● **INPUT**
▼▼▼

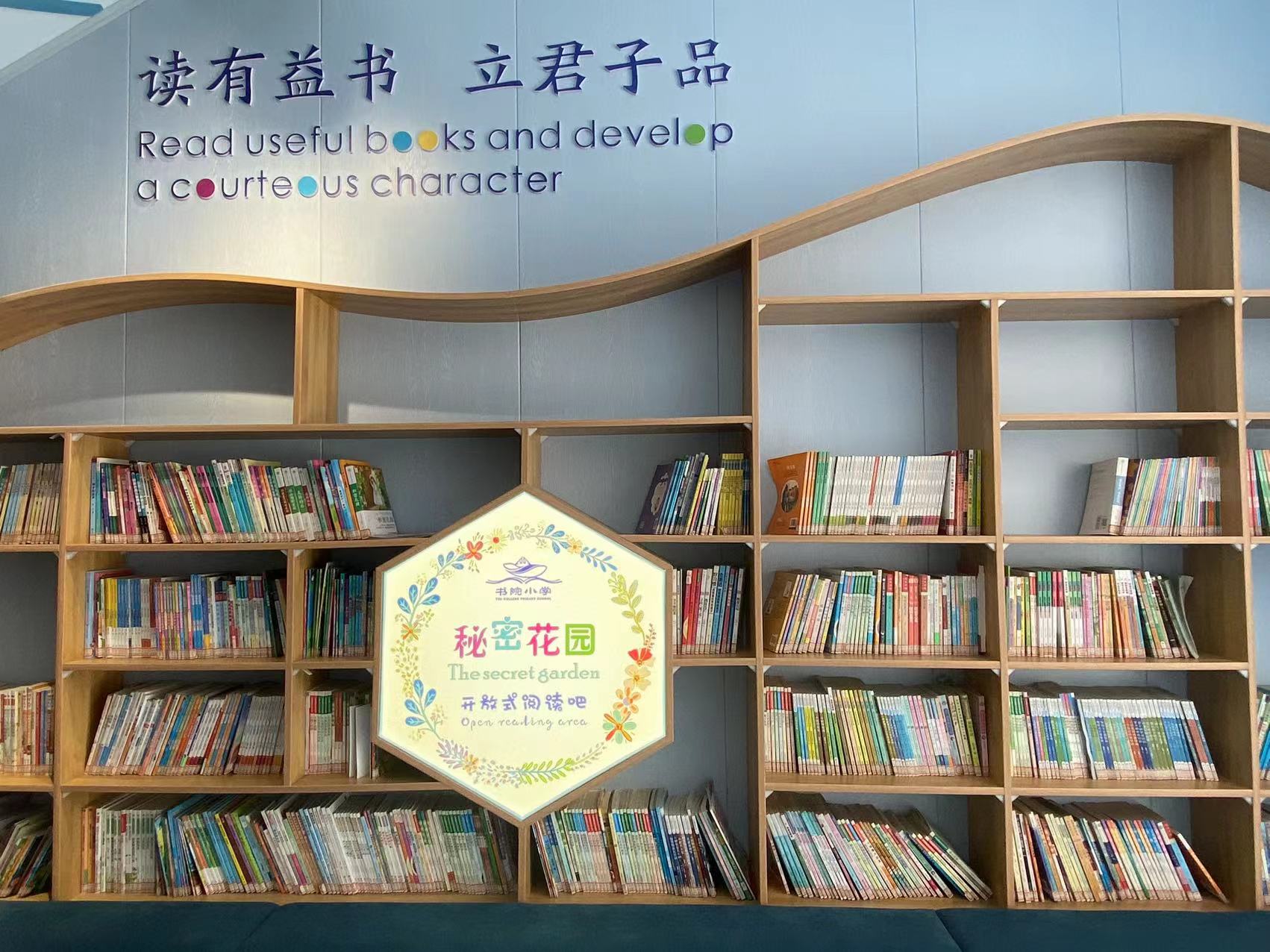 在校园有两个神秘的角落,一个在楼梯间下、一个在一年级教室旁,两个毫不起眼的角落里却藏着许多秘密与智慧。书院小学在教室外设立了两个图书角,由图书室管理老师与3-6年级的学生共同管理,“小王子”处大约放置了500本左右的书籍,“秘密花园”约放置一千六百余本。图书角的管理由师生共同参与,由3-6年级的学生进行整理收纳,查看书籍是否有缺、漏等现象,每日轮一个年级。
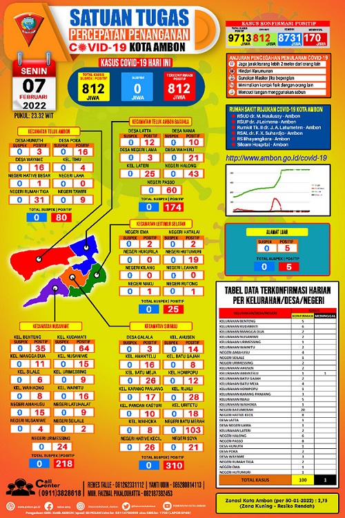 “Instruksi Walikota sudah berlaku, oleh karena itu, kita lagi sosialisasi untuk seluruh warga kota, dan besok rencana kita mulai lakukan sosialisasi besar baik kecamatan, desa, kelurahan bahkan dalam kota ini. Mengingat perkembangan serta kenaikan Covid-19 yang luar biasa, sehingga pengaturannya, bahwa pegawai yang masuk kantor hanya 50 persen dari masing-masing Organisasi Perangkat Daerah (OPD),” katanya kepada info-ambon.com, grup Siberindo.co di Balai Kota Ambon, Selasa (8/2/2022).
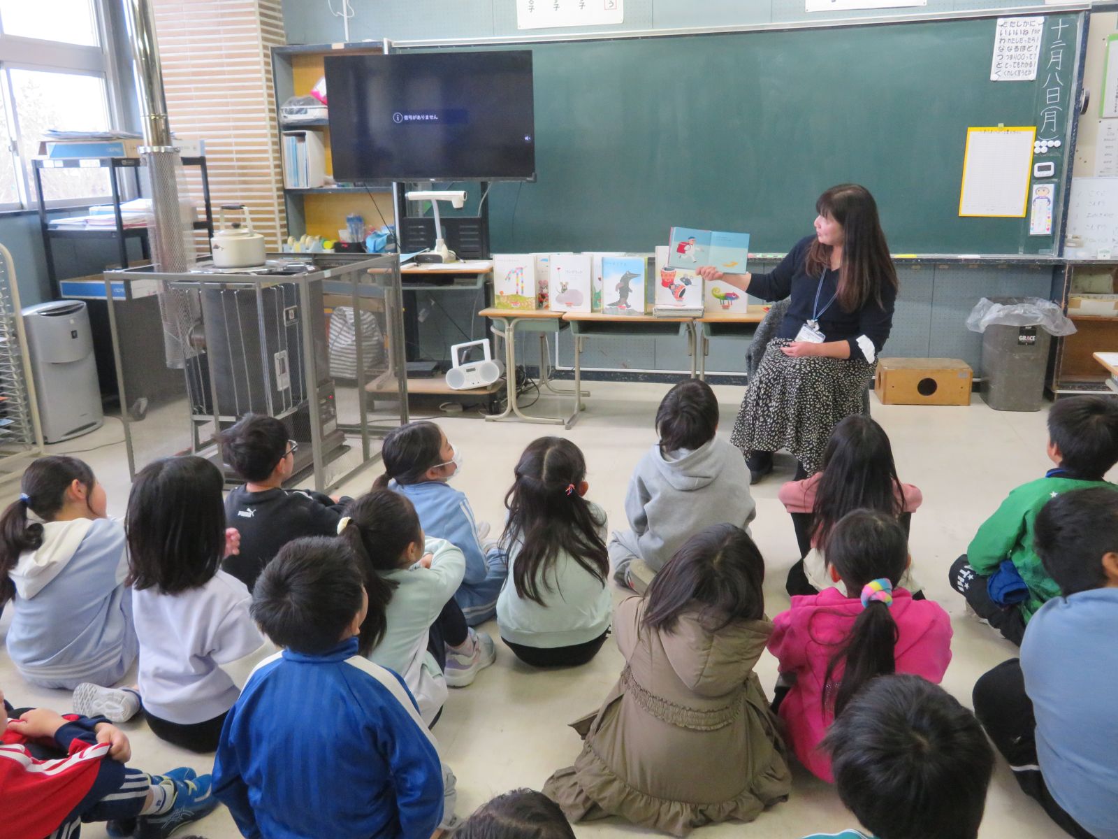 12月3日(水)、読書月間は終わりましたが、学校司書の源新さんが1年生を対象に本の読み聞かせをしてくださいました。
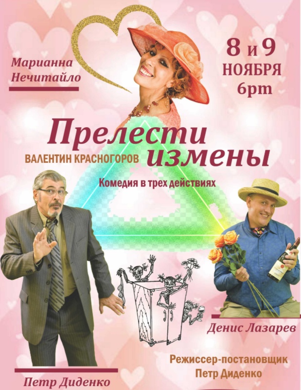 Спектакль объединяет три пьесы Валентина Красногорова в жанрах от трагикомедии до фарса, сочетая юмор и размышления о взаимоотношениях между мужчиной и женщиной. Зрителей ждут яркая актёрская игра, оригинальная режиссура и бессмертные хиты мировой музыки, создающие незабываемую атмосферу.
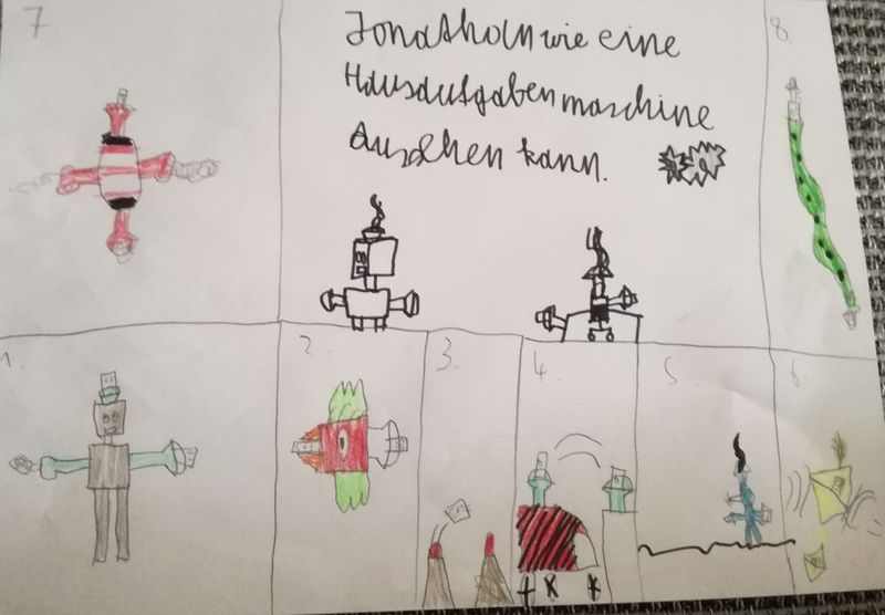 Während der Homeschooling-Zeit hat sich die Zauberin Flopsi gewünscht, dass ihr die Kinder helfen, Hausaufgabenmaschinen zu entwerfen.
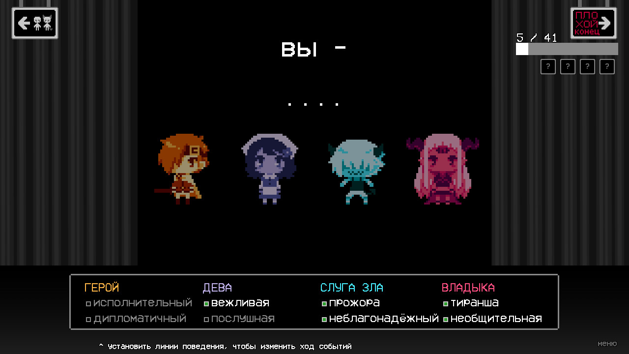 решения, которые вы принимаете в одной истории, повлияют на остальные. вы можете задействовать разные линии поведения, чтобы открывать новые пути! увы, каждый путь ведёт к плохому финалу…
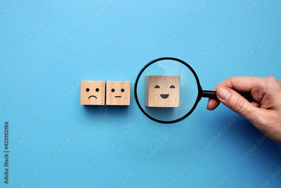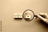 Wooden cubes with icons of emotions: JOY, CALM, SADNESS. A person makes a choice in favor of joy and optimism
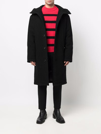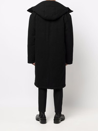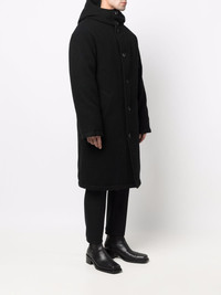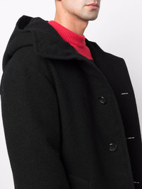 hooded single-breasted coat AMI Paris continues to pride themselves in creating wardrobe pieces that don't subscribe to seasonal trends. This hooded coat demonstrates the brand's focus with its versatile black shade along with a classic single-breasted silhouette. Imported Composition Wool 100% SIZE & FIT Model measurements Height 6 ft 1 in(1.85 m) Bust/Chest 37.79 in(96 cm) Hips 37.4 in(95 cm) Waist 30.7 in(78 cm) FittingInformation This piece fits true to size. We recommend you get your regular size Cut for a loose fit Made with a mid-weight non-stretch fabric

▲▲▲

In the listing above, find the line containing "Ambon, Selasa (8/2/2022)." and the line containing "Während der Homeschooling-Zeit", then return both of them and every line between, exactly, without pictures.

 “Instruksi Walikota sudah berlaku, oleh karena itu, kita lagi sosialisasi untuk seluruh warga kota, dan besok rencana kita mulai lakukan sosialisasi besar baik kecamatan, desa, kelurahan bahkan dalam kota ini. Mengingat perkembangan serta kenaikan Covid-19 yang luar biasa, sehingga pengaturannya, bahwa pegawai yang masuk kantor hanya 50 persen dari masing-masing Organisasi Perangkat Daerah (OPD),” katanya kepada info-ambon.com, grup Siberindo.co di Balai Kota Ambon, Selasa (8/2/2022).
 12月3日(水)、読書月間は終わりましたが、学校司書の源新さんが1年生を対象に本の読み聞かせをしてくださいました。
 Спектакль объединяет три пьесы Валентина Красногорова в жанрах от трагикомедии до фарса, сочетая юмор и размышления о взаимоотношениях между мужчиной и женщиной. Зрителей ждут яркая актёрская игра, оригинальная режиссура и бессмертные хиты мировой музыки, создающие незабываемую атмосферу.
 Während der Homeschooling-Zeit hat sich die Zauberin Flopsi gewünscht, dass ihr die Kinder helfen, Hausaufgabenmaschinen zu entwerfen.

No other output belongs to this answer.